Support Questions

Find answers, ask questions, and share your expertise
Announcements
Celebrating as our community reaches 100,000 members! Thank you!

Merge Content processors with dependency from route attribute

avatar
Expert Contributor

Hello,

Is it possible for me execute Merge Content processor from a route attribute?

For example, I have 1 flow that constantly pulls in data from a sql server, merges the files and puts it into hdfs. The condition for the merge is 5 min or 100mb.

ExecuteSQL-MergeFiles->PutHDFS

Additionally, I have another flow that loops through a list and once it reaches a certain number it updates a file. This is done through route Attribute.

ExecuteSQL(same one as above) -> RouteOnAttribute -> IncrementCounter OR UpdateFile if condition met

Here's a screenshot for better understanding of flow:

5612-screen-shot-2016-07-07-at-22833-pm.png

At the bottom corner there you'll see the UpdateAttribute is merging the files and putting into HDFS. At the same time its going to RouteOnAttribute.

What I'm looking to do is when RouteOnAttribute is matched, MergeContent and PutHDFS gets executed. I can't have the MergeContent after the "Matched" RouteOnAttribute since I need to store the results of each ExecuteQuery.

My temp solution right now is to set a max files in MergeContent equal to the RouteOnAttribute "Matched" count but looking to see if there were other ways to do this.

The reason i'm doing this is because I want to ensure that before moving onto the next cycle (RouteOnAttribute - Matched) all the files are in HDFs.

Thanks,

1 ACCEPTED SOLUTION

avatar
Super Mentor

@mliem NiFi components (Processors, RPGs, input/output ports, etc...) are designed to run asynchronous.
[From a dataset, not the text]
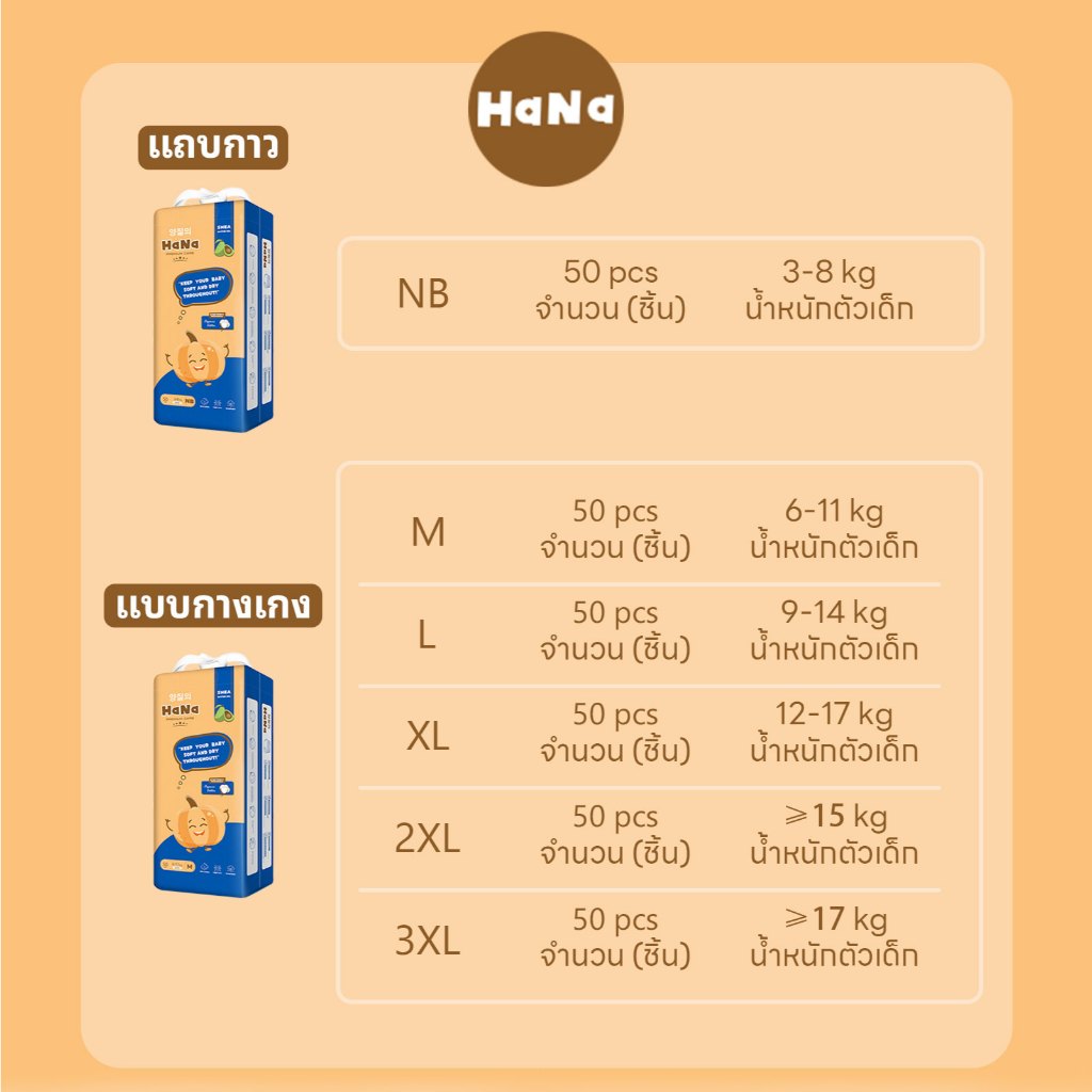 HaNa กางเกงผ้าอ้อมเด็ก ผ้าอ้อมเด็ก NB-XXXL 100pcs/2 pack BABY DIAPERS PANTS

There is no mechanism built in to NiFi for triggering one processor to run as a result of another processor completing its job. That being said, everything you can do via the UI can be done as well through calls directly to the NiFi API. You may consider playing around with the capability using the invokeHTTP processor to make calls to the NiFi API to start and stop specific processor at specific points in your dataflow. Once a processor is started it will run retrieving a thread from the controller to do so. Stopping That processor will not kill that thread, the processor will simply not be scheduled to run again and will be in a state of "stopping" during that time frame.. You can not start a processor that is still "stopping". So you want to be careful where you invoke your start and stop actions. (For example, following your "matched" criteria you start the mergeContent and after the mergeContent you invoke the stop of the mergeContent.)

For speed and efficiency's sake, I would look for ways to keep your flow asychronous in design.

If you do choose to go this route, I would also build some monitoring into your flow using the monitorActivity processor. This processor can be used to monitor that data continues to flow based upon some configured threshold. If that threshold is exceeded it generates a FlowFile that can be routed to a putEmail processor (as and example) to alert someone that the dataflow is down. This is a safety net so to speak in the event one of your api calls fails for some reason (Network hicup for example).

Thanks,

Matt

View solution in original post

4 REPLIES 4

avatar
Super Mentor

It may be helpful to understand your dataflow better if you can paste a screenshot of the second dataflow you want to alter.

avatar
Expert Contributor

@mclark thanks. added

avatar
Super Mentor

@mliem NiFi components (Processors, RPGs, input/output ports, etc...) are designed to run asynchronous. There is no mechanism built in to NiFi for triggering one processor to run as a result of another processor completing its job. That being said, everything you can do via the UI can be done as well through calls directly to the NiFi API. You may consider playing around with the capability using the invokeHTTP processor to make calls to the NiFi API to start and stop specific processor at specific points in your dataflow. Once a processor is started it will run retrieving a thread from the controller to do so. Stopping That processor will not kill that thread, the processor will simply not be scheduled to run again and will be in a state of "stopping" during that time frame.. You can not start a processor that is still "stopping". So you want to be careful where you invoke your start and stop actions. (For example, following your "matched" criteria you start the mergeContent and after the mergeContent you invoke the stop of the mergeContent.)

For speed and efficiency's sake, I would look for ways to keep your flow asychronous in design.

If you do choose to go this route, I would also build some monitoring into your flow using the monitorActivity processor. This processor can be used to monitor that data continues to flow based upon some configured threshold. If that threshold is exceeded it generates a FlowFile that can be routed to a putEmail processor (as and example) to alert someone that the dataflow is down. This is a safety net so to speak in the event one of your api calls fails for some reason (Network hicup for example).

Thanks,

Matt

avatar
Expert Contributor

@mclark Great suggestion, thanks! Will definitely take a look at incorporating invokeHTTP.